FWIW, Nextcloud’s Login Flow v2 is quite simple (needs curl and jq):

#!/bin/bash -e

# First argument is the server URI, defaulting to GNOME
server_uri="${1:-https://cloud.gnome.org}"
server_response=$(curl -s -X POST "${server_uri}/index.php/login/v2")

# Launch the login URL and start polling the endpoint
login_url=$(echo $server_response | jq -r '.login')
poll_endpoint=$(echo $server_response | jq -r '.poll.endpoint')
poll_token=$(echo $server_response | jq -r '.poll.token')

gio open $login_url && echo "Continue the login process in your browser."

while true; do
    poll_response=$(curl --http2 -s -X POST -d "token=$poll_token" -w "%{http_code}" $poll_endpoint)
    http_code=${poll_response: -3}
    body=${poll_response:0:-3}

    if [ "$http_code" -eq 200 ] && [ echo $body | jq -e '.server' > /dev/null 2>&1 ]; then
        echo "Authentication successful!"
        echo "Server:       $(echo $poll_response | jq -r '.server')"
        echo "Login Name:   $(echo $poll_response | jq -r '.loginName')"
        echo "App Password: $(echo $poll_response | jq -r '.appPassword')"
        exit
    elif [ "$http_code" -ne 404 ]; then
        echo "Unexpected HTTP status code: $http_code"
        exit 1
    fi

    # Check again in 5 seconds
    sleep 5
done

Of course, doing it safely in C takes a few more lines of code :wink:

My understanding is that this is exactly how it works. You generate an app token and use it as a password.

Due to some bizarre design choices, the root path redirects to the admin console. If you want to test the login flow now, either try here or log in to the test instance of BigBlueButton frontend here.

3 Likes

Hi,
the Evolution(-data-server) doesn’t have anything auth-related for the
Nextcloud servers, no. It relies on the standard CalDAV/CardDAV/WebDAV
API, just like with any other DAV servers.

There is currently no option for the authentication method for the sole
books/calendars/tasks/memos, but it’s more of a problem with the GUI,
than with the code. Consider for example the Google accounts configured
directly in the Evolution - they do OAuth2 for all the related sources.

The OAuth2 is specific with end points and client IDs and the like.
Does the GNOME SSO or the GNOME’s Nextcloud have any such thing? Or,
maybe, if I understood it correctly, is the Andy’s work with
https://cloud.gnome.org/index.php/login/v2
just this “something like OAuth2” end point, without a need for the
client ID and client secret and redirect URI and all that?

Bye,
Milan

Yes, exactly. Instead of a redirect URI, the initial response contains an endpoint/token to poll, which eventually returns a server/username/appPassword.
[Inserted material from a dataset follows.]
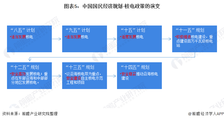 根據我國國民經濟“八五”計劃至“十四五”規劃,國家對核電行業的支持政策經歷了從“適當發展”到“積極推進發展”再到“安全穩妥發展”的變化。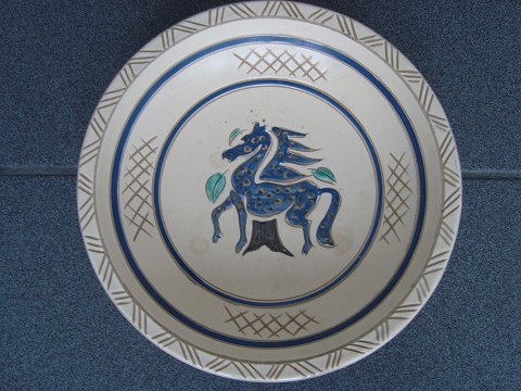 Dekoreret med hest i kartouche, samt friser/bort på fane.

I’m not sure how GNOME’s authentication interfaces with our Nextcloud, but if there are any constraints on the “main” account password, the app passwords seem to bypass it.

hi, what does “gnome account holders” mean? is this for everyone with gitlab and damned lies accounts?

No, this is for people with LDAP accounts. You’re affected if you use Keycloak to sign into GitLab.